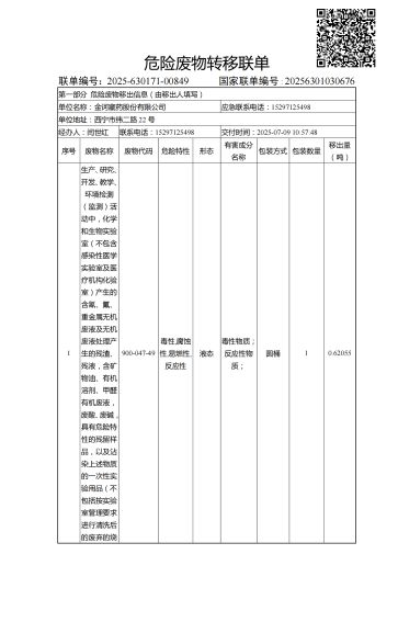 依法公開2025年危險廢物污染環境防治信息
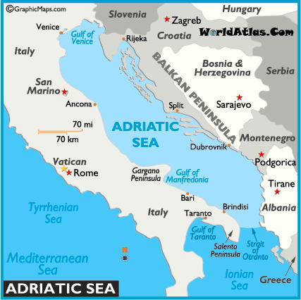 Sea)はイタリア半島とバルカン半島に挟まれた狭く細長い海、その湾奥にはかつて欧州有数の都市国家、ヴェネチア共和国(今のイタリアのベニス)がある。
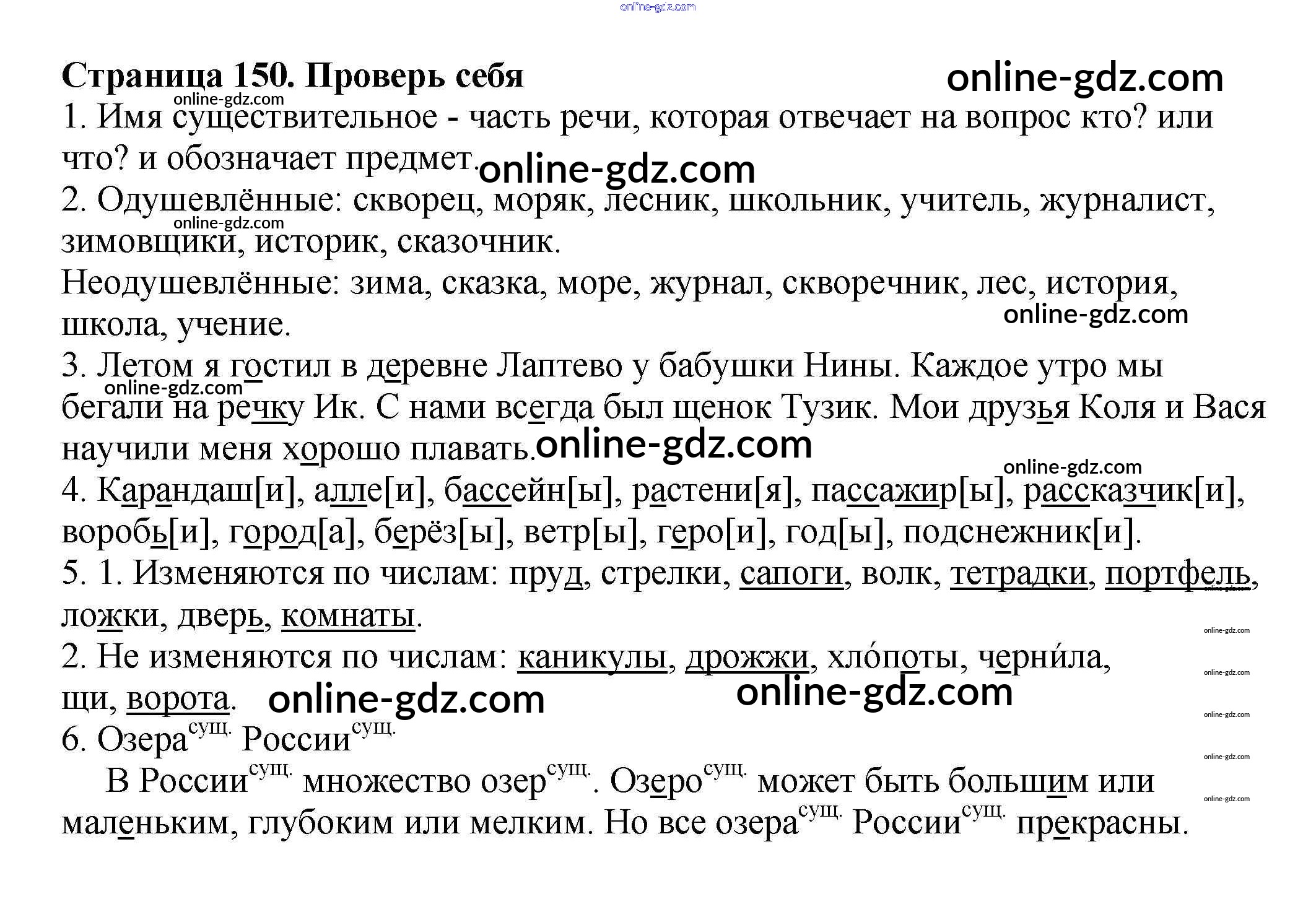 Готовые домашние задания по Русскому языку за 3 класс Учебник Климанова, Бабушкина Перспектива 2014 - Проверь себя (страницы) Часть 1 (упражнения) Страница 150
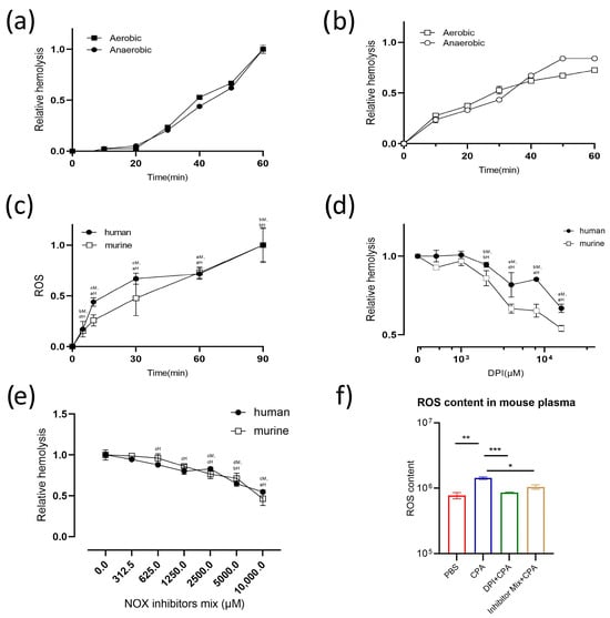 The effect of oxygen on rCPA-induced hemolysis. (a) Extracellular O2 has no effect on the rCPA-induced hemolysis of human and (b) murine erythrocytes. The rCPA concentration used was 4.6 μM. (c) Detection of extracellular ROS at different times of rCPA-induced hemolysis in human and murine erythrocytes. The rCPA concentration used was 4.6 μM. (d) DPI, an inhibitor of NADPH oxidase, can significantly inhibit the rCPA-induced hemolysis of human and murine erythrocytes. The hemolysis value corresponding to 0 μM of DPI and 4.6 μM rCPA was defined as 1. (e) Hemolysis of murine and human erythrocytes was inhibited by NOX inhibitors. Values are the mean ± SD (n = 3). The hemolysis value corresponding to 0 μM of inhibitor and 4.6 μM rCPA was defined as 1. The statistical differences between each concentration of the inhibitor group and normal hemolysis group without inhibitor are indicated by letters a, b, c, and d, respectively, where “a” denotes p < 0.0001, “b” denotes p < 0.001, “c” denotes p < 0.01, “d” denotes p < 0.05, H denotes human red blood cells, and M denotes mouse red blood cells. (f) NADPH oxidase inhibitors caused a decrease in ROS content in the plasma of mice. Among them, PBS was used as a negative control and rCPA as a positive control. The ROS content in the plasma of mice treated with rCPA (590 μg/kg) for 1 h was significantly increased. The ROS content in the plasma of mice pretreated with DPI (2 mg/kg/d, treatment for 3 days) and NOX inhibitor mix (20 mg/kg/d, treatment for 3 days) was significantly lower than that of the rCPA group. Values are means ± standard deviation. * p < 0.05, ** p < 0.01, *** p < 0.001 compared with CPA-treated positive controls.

Exercise :: Leaving out the pictures, restate each line of the listing above verbatim, from the opening line to the line bearing "Готовые домашние задания", inclusive, and no more.

Response for this exercise ::
 依法公開2025年危險廢物污染環境防治信息
 Sea)はイタリア半島とバルカン半島に挟まれた狭く細長い海、その湾奥にはかつて欧州有数の都市国家、ヴェネチア共和国(今のイタリアのベニス)がある。
 Готовые домашние задания по Русскому языку за 3 класс Учебник Климанова, Бабушкина Перспектива 2014 - Проверь себя (страницы) Часть 1 (упражнения) Страница 150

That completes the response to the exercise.